Residents in Hobart said this wasn't the first time the town has seen flooding, and they want to find a way to stop the creek from flooding the town.
Staff and Wire Reports
HOBART, Oklahoma -- Heavy rain fell in parts of southwestern Oklahoma early Monday, causing minor flooding in some areas. There were no immediate reports of injuries.
According to the Oklahoma Mesonet, about 6.4 inches of rain fell in Hobart in Kiowa County between midnight and 8 a.m. Monday, raising the town's three-day rainfall total to nearly 8.7 inches.
"It has been an unusually wet airmass over the region," said Chris Sohl, a National Weather Service meteorologist based in Norman. "It hasn't taken much to generate thunderstorm activity."
In Hobart, authorities closed State Highway 9 for about four hours because of high water in the road.
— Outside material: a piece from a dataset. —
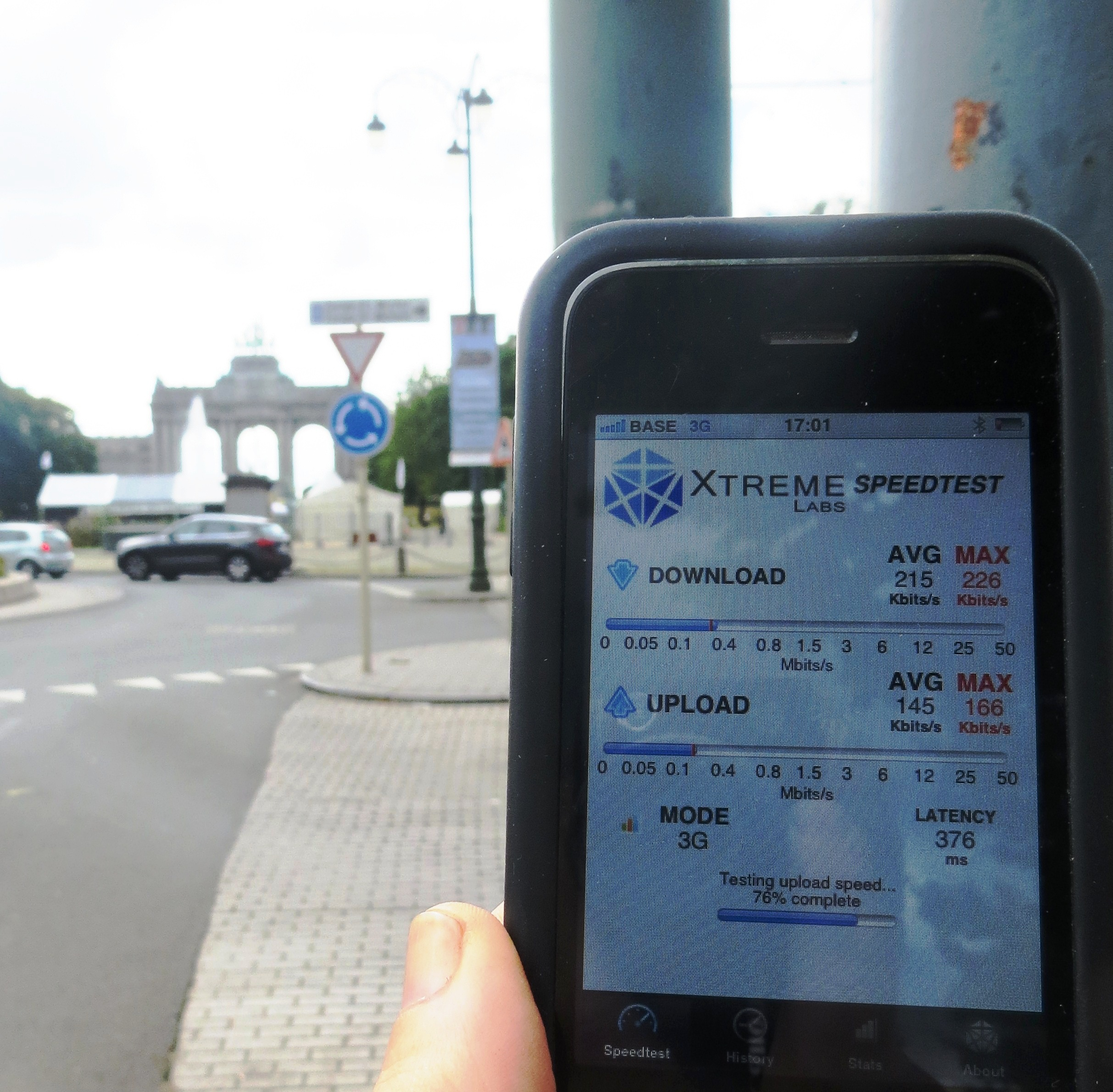 3G mobile data network speed test in downtown Brussels, september 2012. After 2 years of bans on new mobile basestations, the mobile network download speed is down at 0.25 Mb/sec.

The Highway 9 business route into the town of about 4,000 people also was closed and television video showed numerous roads in the area covered with water.
Hobart Mayor Tom Talley said authorities had to perform five high-water rescues to evacuate special-needs residents in one area.
Emergency management officials from Hobart and Kiowa County didn't immediately return messages left Monday.
The weather service also received reports that some roads around Carnegie in Caddo County were closed because of high water and an American Indian powwow going on in the area had to move to higher ground, Sohl said. In nearby Fort Cobb, about 3.8 inches of rain fell Monday morning.
The weather service issued a flood warning for the North Fork of the Red River near Headrick in Jackson County through late Tuesday. At 9 a.m. Monday, the river was at 10.2 feet, and it was expected to rise above its flood stage of 14 feet on Tuesday morning.
Forecasters expected the river to crest at about 15.8 feet before falling back below flood stage Tuesday afternoon.
Earlier flood warnings for the Cimarron River near Waynoka in northwestern Oklahoma and the Little River near Tecumseh in central Oklahoma were allowed to expire, with only minor flooding occurring.